In either case, a percent recovery value is calculated the same way as above. When tiled primers are used, plotting them as a scatter plot with data points joined by a line gives an effective representation of transcription factor binding. For off-target sequences a bar graph should be used.

  • Be careful when plotting data in scatter-plot format to properly account for different spacing between primer sets. Calculate the middle point of each primer set and use that value as the x value.

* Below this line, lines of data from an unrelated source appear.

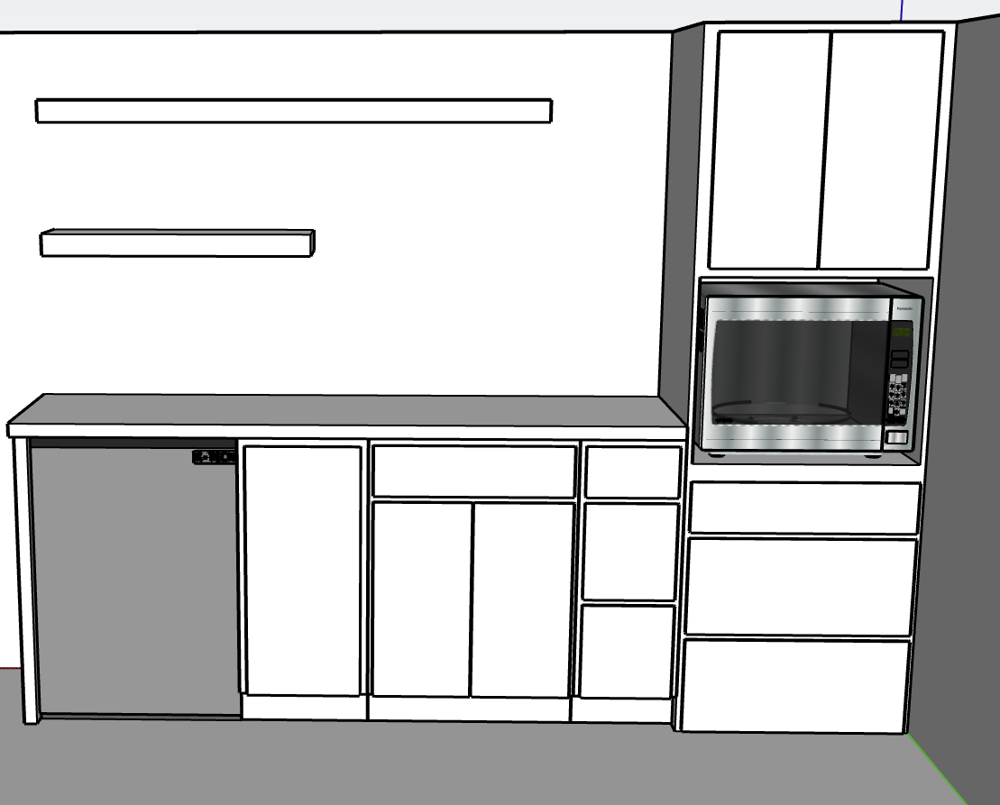 interior shot make this a nice cozy kitchen add a sink and make the floating shelves and cabinets a semi dark hardwood add brushed nickel handles to all the doors and drawers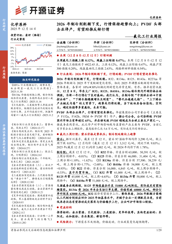 【开源证券】【202512】氟化工行业周报:2026年制冷剂配额下发,行情保持趋势向上;PVDF头部企业停产,有望助推反转行情-29页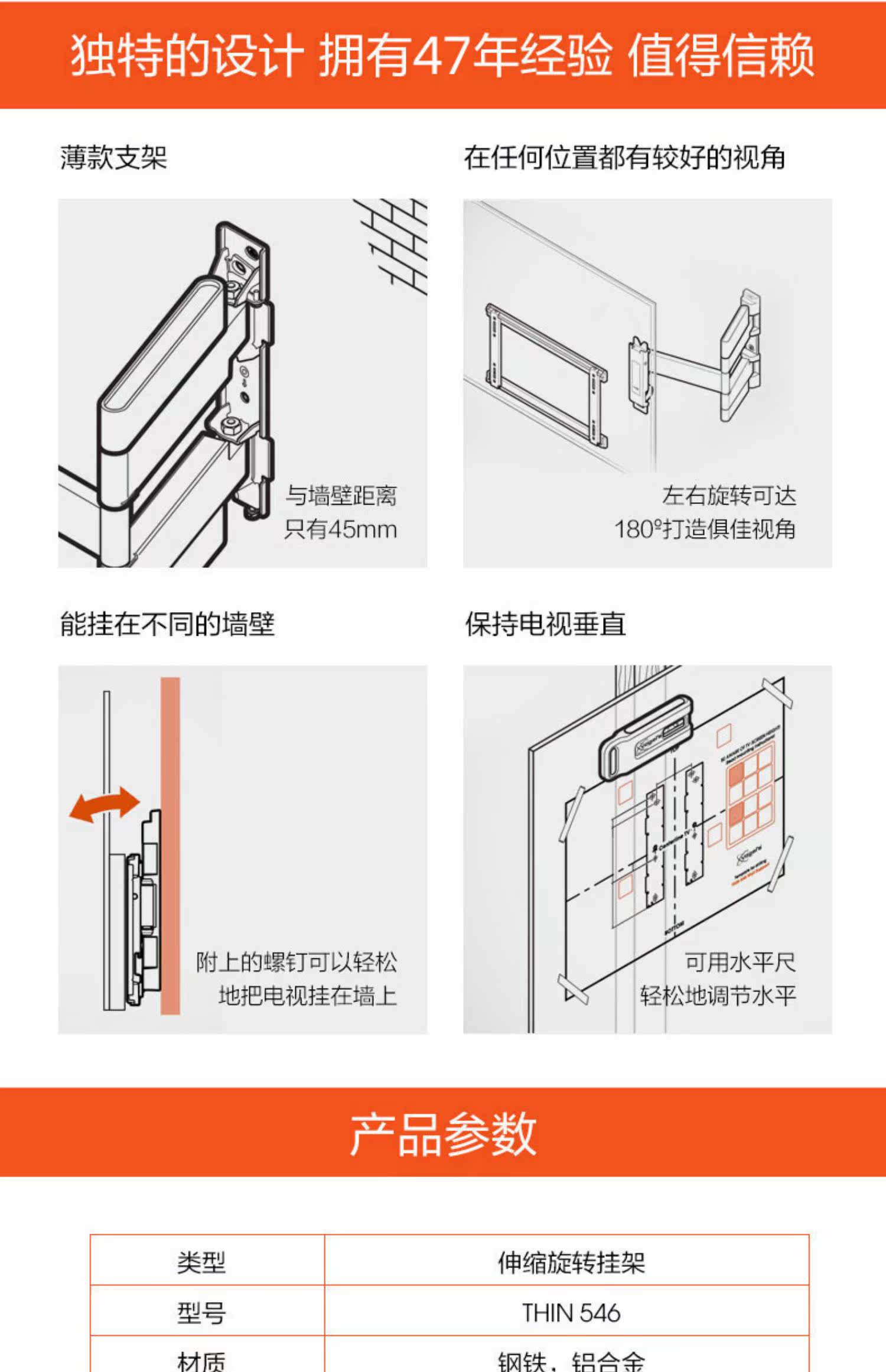 42/48/55/65 -Вращающая телевизионная поддержка Телескопическая подвесная стойка e -Sports OLED подходит для LG Samsung Sony TLC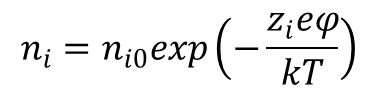 Jeżeli przez ni0 oznaczymy stężenie jonów danego rodzaju w tym obszarze ośrodka w głębi roztworu, w którym poziom potencjału umownie przyjmujemy za równy zeru, to w obszarze o dowolnym potencjale panujące tam stężenie będzie dane zależnością: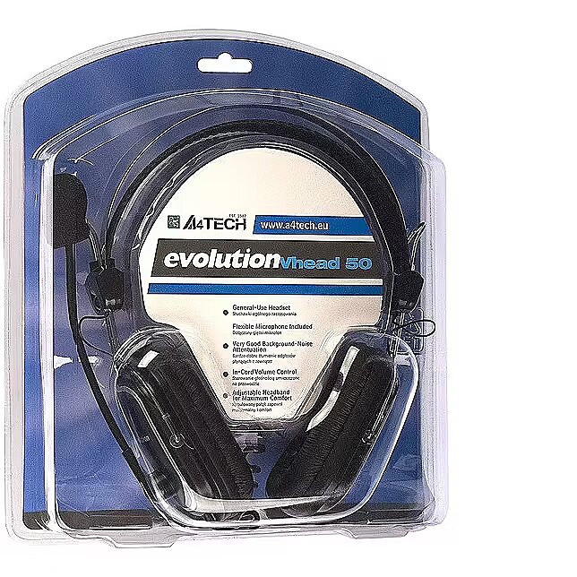 Description - A4-TECH Vhead EVO 50 is a high quality wired headset with microphone for general use. Voice control and switch the microphone placed on the cable. The microphone on a flexible boom and designed to minimize noise from the surroundings will ensure a good quality of communication. Headphones with very good sound damping with adjustable spacing. Connecting cable with a length of 2 m.

The down side to this negative control is that sometimes it is not clear where a particular protein is not expected to bind. It also requires designing additional primers and is not as versatile as IgG control.

Relative to common control

Some papers normalize the ChIP data to a common control like GAPDH or 18s rDNA. In an ideal ChIP reaction, if the protein is not expected to be present at these genes, there should be no DNA recovered that would amplify with GAPDH or 18s primers. However, there is always some non-specific binding and background is always present. This normalization technique takes advantage of this noise. 18s, GAPDH and several other genes exist in numerous copies across the genome and would produce the strongest signal from within the background noise.

In this method, there is no input DNA. Rather, each of the samples is expressed as fold over control.

Let's say that our sample CtP is 23 and out negative control is CtN is 27.

Then our data would be expressed as $ \dfrac{E_p^{40-Ct_P}}{E_p^{40-Ct_N}} = E_p^{Ct_N-Ct_P} $ which in our case would be $ 2^{27-23} = 2^4 = 16 $.

By doing this with all the samples we will obtain "normalized" values and can then compare them.

This normalization will account for non-specific binding by the antibody and the beads as well as potential error within the procedure, but because the amount of DNA pulled down is relatively small, the values may fluctuate significantly making this control unreliable. Furthermore, one must be certain that a particular protein or modification is not present at the control loci, because this would produce false negative results.

Finally as the reagents and techniques get better and better, the amount of background is expected to decrease. With lower levels of background the signal of the control would decrease and fluctuate even more, making this method of calculation even less reliable.